** Opening The data block **

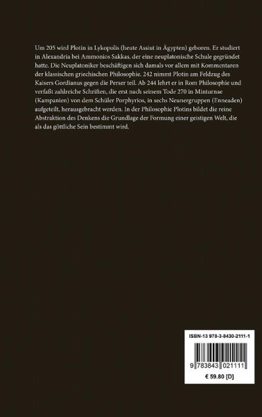Plotin: Enneaden Entstanden von 254 bis 270. Die Einteilung von Plotins Schriften in sechs Neunergruppen (Enneaden) stammt von Porphyrios, einem seiner Schüler, der sie nach dem Tod des Lehrers herausgab. Erstdruck in lateinischer Übersetzung durch Marsilio Ficino: Florenz 1492. Der Text folgt der ersten vollständigen deutschen Übersetzung durch Hermann Friedrich Müller von 1878. Vollständige Neuausgabe mit einer Biographie des Autors. Herausgegeben von Karl-Maria Guth. Berlin 2013. Textgrundlage sind die Ausgaben: Plotin: Die Enneaden. Übersetzt von Hermann Friedrich Müller. Band 1 und 2, Berlin: Weidmann, 1878/80. Die Paginierung obiger Ausgaben wird in dieser Neuausgabe als Marginalie zeilengenau mitgeführt. Umschlaggestaltung von Thomas Schultz-Overhage unter Verwendung des Bildes: Platons Akademie, Mosaikfußboden in Pompeji, 1. Jahrhundert n. Chr.. Gesetzt aus Minion Pro, 11 pt. Über den Autor: Um 205 wird Plotin in Lykopolis (heute Assiut in Ägypten) geboren. Er studiert in Alexandria bei Ammonios Sakkas, der eine neuplatonische Schule gegründet hatte. Die Neuplatoniker beschäftigen sich damals vor allem mit Kommentaren der klassischen griechischen Philosophie. 242 nimmt Plotin am Feldzug des Kaisers Gordianus gegen die Perser teil. Ab 244 lehrt er in Rom Philosophie und verfaßt zahlreiche Schriften, die erst nach seinem Tode 270 in Minturnae (Kampanien) von dem Schüler Porphyrios, in sechs Neunergruppen (Enneaden) aufgeteilt, herausgebracht werden. In der Philosophie Plotins bildet die reine Abstraktion des Denkens die Grundlage der Formung einer geistigen Welt, die als das göttliche Sein bestimmt wird.
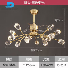 电灯风扇带灯吊扇灯扇一体带风扇的吊灯后现代轻奢全铜吊扇灯水晶客厅分子灯北欧餐厅卧室变频风扇吊灯 全铜 水晶款15头/三色变光
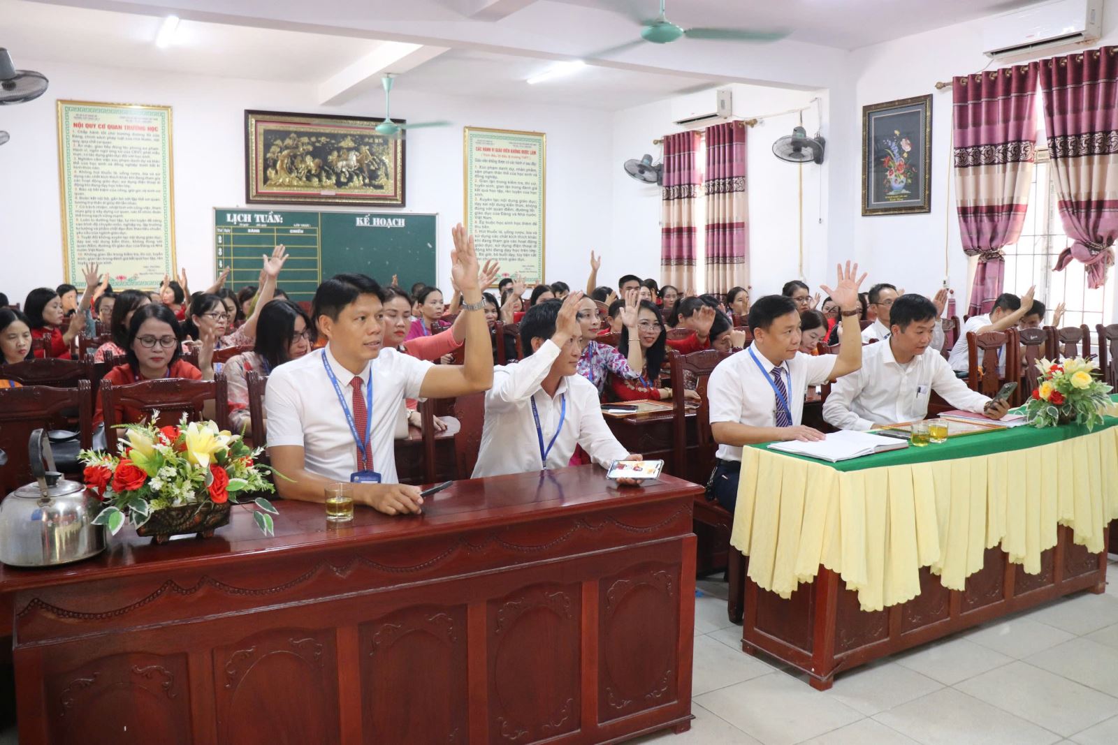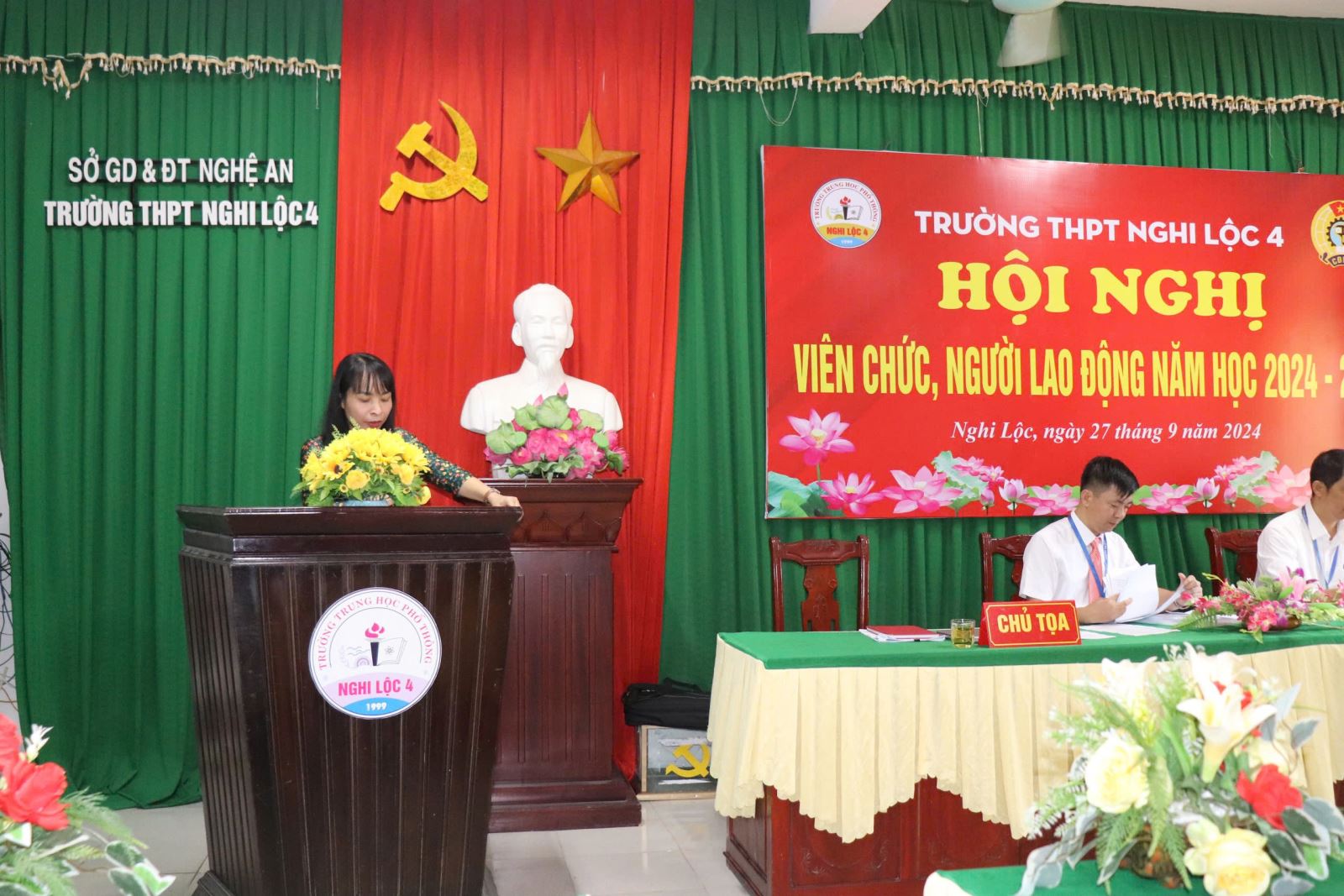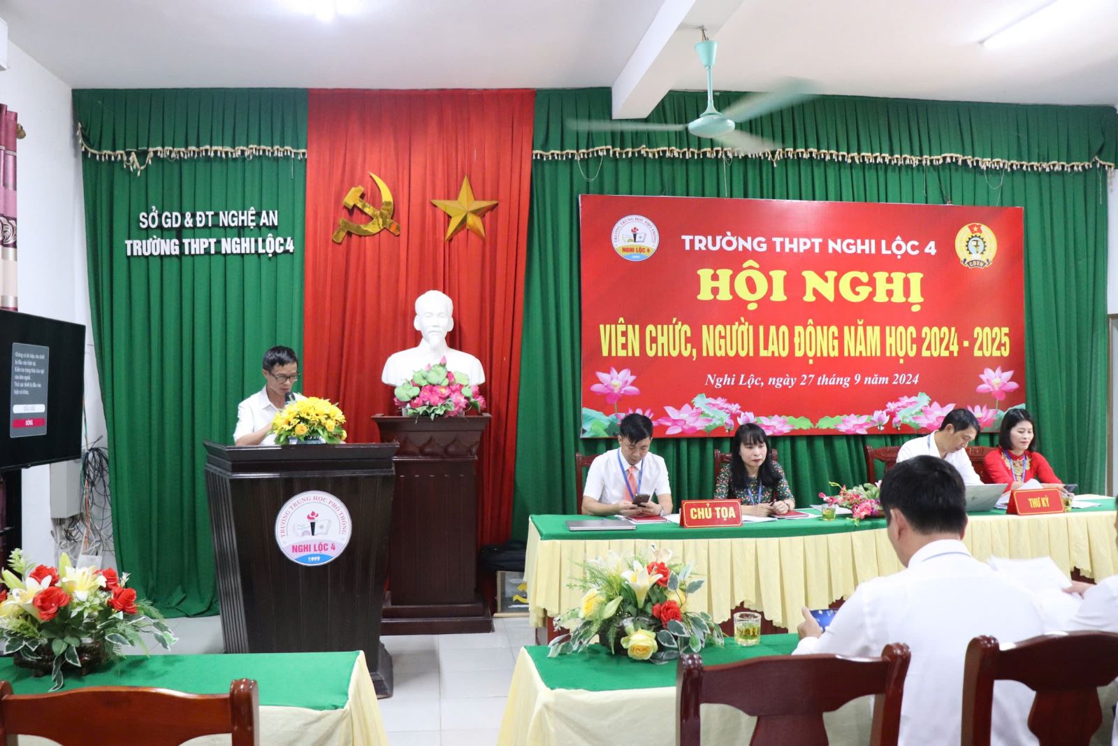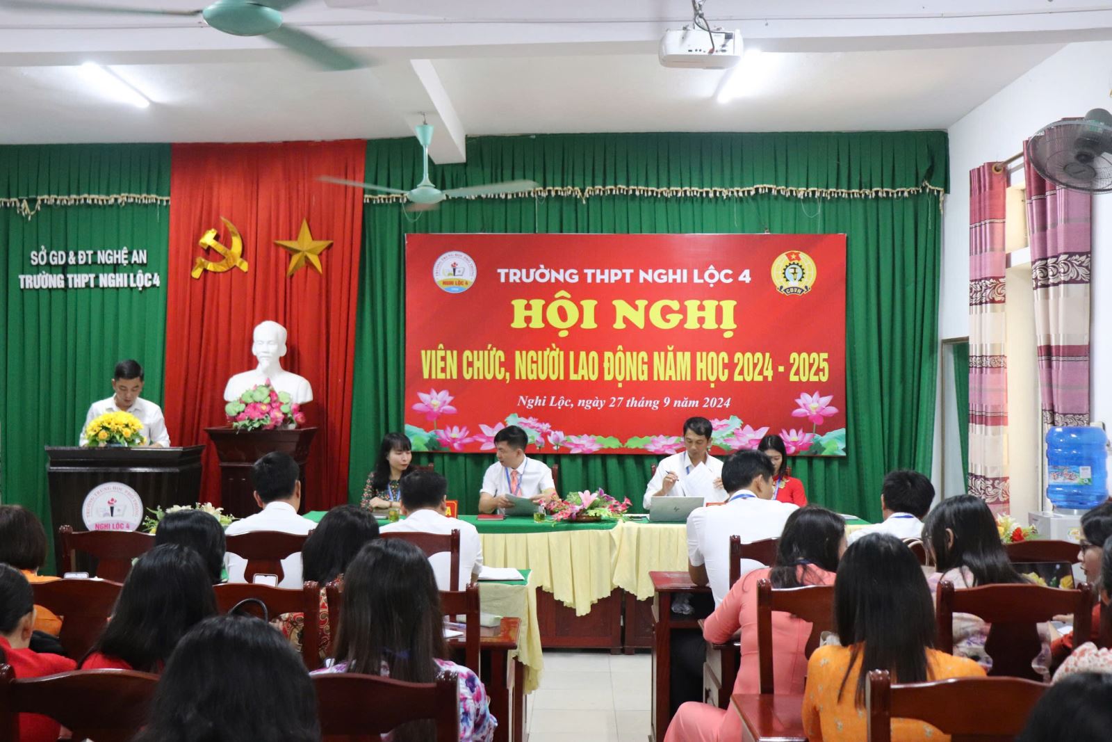 Thực hiện kế hoạch năm học 2024-2025 và được sự đồng ý của cấp trên. Sáng ngày 27 tháng 9 năm 2024, Trường THPT Nghi Lộc 4 long trọng tổ chức “Hội Nghị viên chức, người lao động” năm học 2024-2025. Hội nghị đã thông qua dự thảo báo cáo kết quả hoạt động cơ quan năm 2023-2024, triển khai nhiệm vụ công tác năm 2024-2025; Báo cáo tổng kết phong trào thi đua; Báo cáo công khai tài chính; Báo cáo tổng kết hoạt động của Ban thanh tra nhân dân; Tổng hợp ý kiến đóng góp vào các quy chế; các đề xuất, kiến nghị của đoàn viên. Những ý kiến đóng góp đầy tâm huyết và trách nhiệm của các Thầy cô, chúng ta sẽ cùng nhau đoàn kết, cộng sự và nỗ lực cố gắng để hoàn thành tốt nhiệm vụ của năm học. Tại hội nghị đã bầu Ban Thanh tra nhân dân, nhiệm kỳ 2024- 2026. Hội nghị kêu gọi toàn thể viên chức, người lao động trong đơn vị chung sức, đồng lòng, phát huy thuận lợi, khắc phục khó khăn, phấn đấu hoàn thành và hoàn thành xuất sắc các chỉ tiêu, nhiệm vụ mà Hội nghị đã đề ra, góp phần xây dựng Trường THPT Nghi Lộc 4 ngày càng lớn mạnh.

** Closing The data block **

- Brief:
Write the data out again exactly, but without its images.

- Response to the task:
Plotin: Enneaden Entstanden von 254 bis 270. Die Einteilung von Plotins Schriften in sechs Neunergruppen (Enneaden) stammt von Porphyrios, einem seiner Schüler, der sie nach dem Tod des Lehrers herausgab. Erstdruck in lateinischer Übersetzung durch Marsilio Ficino: Florenz 1492. Der Text folgt der ersten vollständigen deutschen Übersetzung durch Hermann Friedrich Müller von 1878. Vollständige Neuausgabe mit einer Biographie des Autors. Herausgegeben von Karl-Maria Guth. Berlin 2013. Textgrundlage sind die Ausgaben: Plotin: Die Enneaden. Übersetzt von Hermann Friedrich Müller. Band 1 und 2, Berlin: Weidmann, 1878/80. Die Paginierung obiger Ausgaben wird in dieser Neuausgabe als Marginalie zeilengenau mitgeführt. Umschlaggestaltung von Thomas Schultz-Overhage unter Verwendung des Bildes: Platons Akademie, Mosaikfußboden in Pompeji, 1. Jahrhundert n. Chr.. Gesetzt aus Minion Pro, 11 pt. Über den Autor: Um 205 wird Plotin in Lykopolis (heute Assiut in Ägypten) geboren. Er studiert in Alexandria bei Ammonios Sakkas, der eine neuplatonische Schule gegründet hatte. Die Neuplatoniker beschäftigen sich damals vor allem mit Kommentaren der klassischen griechischen Philosophie. 242 nimmt Plotin am Feldzug des Kaisers Gordianus gegen die Perser teil. Ab 244 lehrt er in Rom Philosophie und verfaßt zahlreiche Schriften, die erst nach seinem Tode 270 in Minturnae (Kampanien) von dem Schüler Porphyrios, in sechs Neunergruppen (Enneaden) aufgeteilt, herausgebracht werden. In der Philosophie Plotins bildet die reine Abstraktion des Denkens die Grundlage der Formung einer geistigen Welt, die als das göttliche Sein bestimmt wird.
 电灯风扇带灯吊扇灯扇一体带风扇的吊灯后现代轻奢全铜吊扇灯水晶客厅分子灯北欧餐厅卧室变频风扇吊灯 全铜 水晶款15头/三色变光
 Thực hiện kế hoạch năm học 2024-2025 và được sự đồng ý của cấp trên. Sáng ngày 27 tháng 9 năm 2024, Trường THPT Nghi Lộc 4 long trọng tổ chức “Hội Nghị viên chức, người lao động” năm học 2024-2025. Hội nghị đã thông qua dự thảo báo cáo kết quả hoạt động cơ quan năm 2023-2024, triển khai nhiệm vụ công tác năm 2024-2025; Báo cáo tổng kết phong trào thi đua; Báo cáo công khai tài chính; Báo cáo tổng kết hoạt động của Ban thanh tra nhân dân; Tổng hợp ý kiến đóng góp vào các quy chế; các đề xuất, kiến nghị của đoàn viên. Những ý kiến đóng góp đầy tâm huyết và trách nhiệm của các Thầy cô, chúng ta sẽ cùng nhau đoàn kết, cộng sự và nỗ lực cố gắng để hoàn thành tốt nhiệm vụ của năm học. Tại hội nghị đã bầu Ban Thanh tra nhân dân, nhiệm kỳ 2024- 2026. Hội nghị kêu gọi toàn thể viên chức, người lao động trong đơn vị chung sức, đồng lòng, phát huy thuận lợi, khắc phục khó khăn, phấn đấu hoàn thành và hoàn thành xuất sắc các chỉ tiêu, nhiệm vụ mà Hội nghị đã đề ra, góp phần xây dựng Trường THPT Nghi Lộc 4 ngày càng lớn mạnh.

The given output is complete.